Top of SUPPLIED MATERIAL

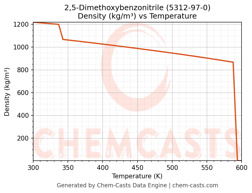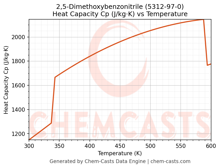 - Specific heat capacity (Cp) indicates the amount of energy required to raise the temperature of 2,5-Dimethoxybenzonitrile and is critical for energy balance and heat-exchanger design.
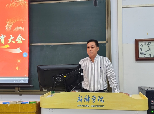 接着,教师代表贺珧珈老师上台发言。他鼓励同学们要勇于面对挑战,敢于突破自我,珍惜青春时光,保持学习的热情,不断提升自我。同时,他号召全体教师在今后的教学工作中,共同努力,为同学们的成长成才提供有力的支持和帮助。在校生代表张景与新生代表程丁怡分别从个人成长经历与新生展望的不同视角,发表了鼓舞人心的演讲。
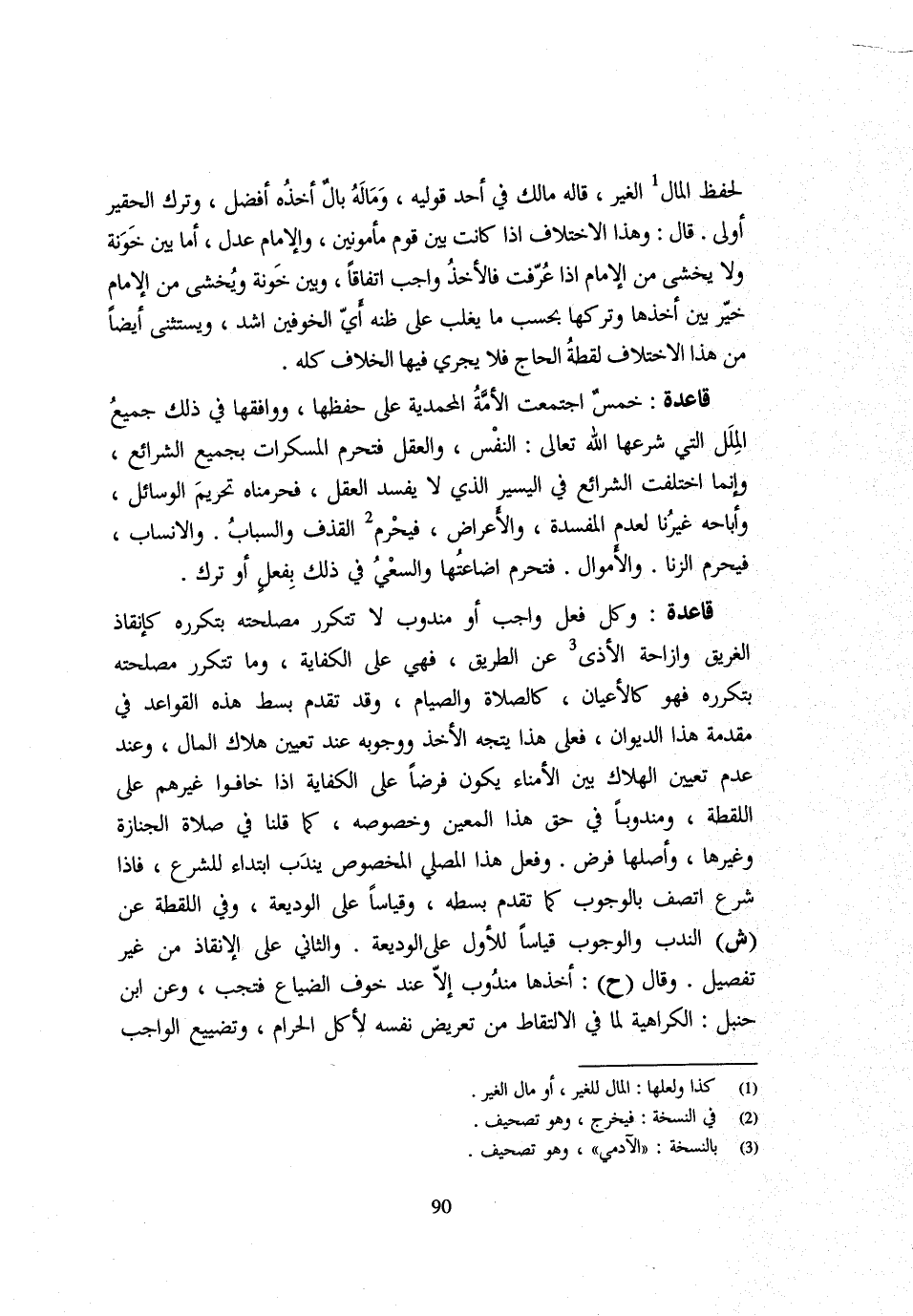 لحفظ المَال الْغَيْر قَالَه مَالك فِي أحد قوليه وَمَاله بَالٌ أَخْذُهُ أَفْضَلُ وَتَرْكُ الْحَقِيرِ أَوْلَى قَالَ وَهَذَا الِاخْتِلَافُ إِذَا كَانَتْ بَيْنَ قَوْمٍ مَأْمُونِينَ وَالْإِمَامُ عَدْلٌ أَمَّا بَيْنَ خَوَنَةٍ وَلَا يُخْشَى مِنَ الْإِمَامِ إِذَا عُرِّفَتْ فَالْأَخْذُ وَاجِبٌ اتِّفَاقًا وَبَيْنَ خَوَنَةٍ وَيُخْشَى مِنَ الْإِمَامِ خُيِّرَ بَيْنَ أَخْذِهَا وَتَرْكِهَا بِحَسْبَ مَا يَغْلِبُ عَلَى ظَنِّهِ أَيُّ الْخَوْفَيْنِ أَشَدُّ وَيُسْتَثْنَى أَيْضًا مِنْ هَذَا الِاخْتِلَافِ لُقَطَةُ الْحَاجِّ فَلَا يَجْرِي فِيهَا الْخِلَافُ كُلُّهُ قَاعِدَةٌ خَمْسٌ اجْتَمَعَتِ الْأُمَّةُ الْمُحَمَّدِيَّةُ عَلَى حِفْظِهَا وَوَافَقَهَا فِي ذَلِكَ جَمِيعُ الْمِلَلِ الَّتِي شَرَعَهَا اللَّهُ تَعَالَى النَّفْسُ وَالْعَقْلُ فَتَحْرُمُ الْمُسْكِرَاتُ بِجَمِيعِ الشَّرَائِعِ وَإِنَّمَا اخْتَلَفَتِ الشَّرَائِعُ فِي الْيَسِيرِ الَّذِي لَا يُفْسِدُ الْعَقْلَ فَحَرَّمْنَاهُ تَحْرِيمَ الْوَسَائِلِ وأباحة غَيرنَا لعدم الْمفْسدَة والأغراض فَيَحْرُمُ الْقَذْفُ وَالسِّبَابُ وَالْأَنْسَابُ فَيَحْرُمُ الزِّنَا وَالْأَمْوَالُ فَتَحْرُمُ إِضَاعَتُهَا وَالسَّعْيُ فِي ذَلِكَ بِفِعْلٍ أَوْ تَرْكٍ قَاعِدَةٌ وَكُلُّ فِعْلٍ وَاجِبٍ أَوْ مَنْدُوبٍ لَا تَتَكَرَّرُ مَصْلَحَتُهُ بِتَكَرُّرِهِ كَإِنْقَاذِ الْغَرِيقِ وَإِزَاحَةِ الْأَذَى عَن الطَّرِيق فَهِيَ عَلَى الْكِفَايَةِ وَمَا تَتَكَرَّرُ مَصْلَحَتُهُ بِتَكَرُّرِهِ فَهُوَ كَالْأَعْيَانِ كَالصَّلَاةِ وَالصِّيَامِ وَقَدْ تَقَدَّمَ بَسْطُ هَذِهِ الْقَوَاعِدِ فِي مُقَدِّمَةِ هَذَا الدِّيوَانِ فَعَلَى هَذَا يَتَّجِهُ الْأَخْذُ وَوُجُوبُهُ عِنْدَ تَعْيِينِ هَلَاكِ الْمَالِ وَعِنْدَ عَدَمِ تَعْيِينِ الْهَلَاكِ بَيْنَ الْأُمَنَاءِ يَكُونُ فَرْضًا عَلَى الْكِفَايَةِ إِذَا خَافُوا غَيْرَهُمْ عَلَى اللُّقَطَةِ وَمَنْدُوبًا فِي حَقِّ هَذَا الْمُعَيَّنِ وَخُصُوصِهِ كَمَا قُلْنَا فِي صَلَاةِ الْجَنَازَةِ وَغَيْرِهَا وَأَصْلُهَا فَرْضٌ وَفِعْلُ هَذَا الْمُصَلِّي الْمَخْصُوصُ يُنْدَبُ ابْتِدَاءً لِلشَّرْعِ فَإِذَا شَرَعَ اتَّصَفَ بِالْوُجُوبِ كَمَا تَقَدَّمَ بَسْطُهُ وَقِيَاسًا عَلَى الْوَدِيعَةِ وَفِي اللُّقَطَةِ عَنْ ش النَّدْبُ وَالْوُجُوبُ قِيَاسًا لِلْأَوَّلِ عَلَى الْوَدِيعَةِ وَالثَّانِي عَلَى الْإِنْقَاذِ مِنْ غَيْرِ تَفْصِيلٍ وَقَالَ ح أَخْذُهَا مَنْدُوبٌ إِلَّا عِنْدَ خَوْفِ الضَّيَاعِ فَتَجِبُ وَعَنِ ابْنِ حَنْبَلٍ الْكَرَاهِيَّةُ لِمَا فِي الِالْتِقَاطِ مِنْ تَعْرِيضِ نَفْسِهِ لِأَكْلِ الْحَرَامِ وَتَضْيِيعِ الْوَاجِب
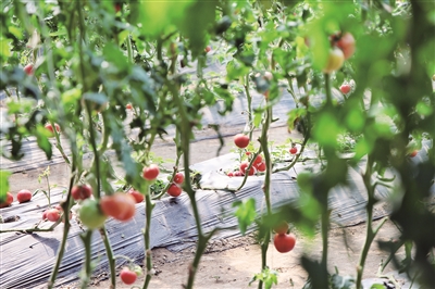 在泰山区上高街道魏家庄村的上高庄园里,一排排冬暖式大棚鳞次栉比。番茄种植大棚里,两米多高的番茄藤蔓顺着吊蔓架生长,绿叶间挂满了青红相间的果实。鲜红的番茄汁水丰盈、沙瓤饱满,果香扑面而来。
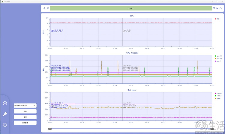 《王者荣耀》超分超帧 平均帧率82.67(超帧165FPS) 平均功耗3357.96mW

Bottom of SUPPLIED MATERIAL

INSTRUCTIONS FOR THE TASK -> Give the lines again exactly, starting where the entries begin and stopping once the line with "接着,教师代表贺珧珈老师上台" is included; pictures are not copied.

SOLUTION FOR THIS TASK ->
 - Specific heat capacity (Cp) indicates the amount of energy required to raise the temperature of 2,5-Dimethoxybenzonitrile and is critical for energy balance and heat-exchanger design.
 接着,教师代表贺珧珈老师上台发言。他鼓励同学们要勇于面对挑战,敢于突破自我,珍惜青春时光,保持学习的热情,不断提升自我。同时,他号召全体教师在今后的教学工作中,共同努力,为同学们的成长成才提供有力的支持和帮助。在校生代表张景与新生代表程丁怡分别从个人成长经历与新生展望的不同视角,发表了鼓舞人心的演讲。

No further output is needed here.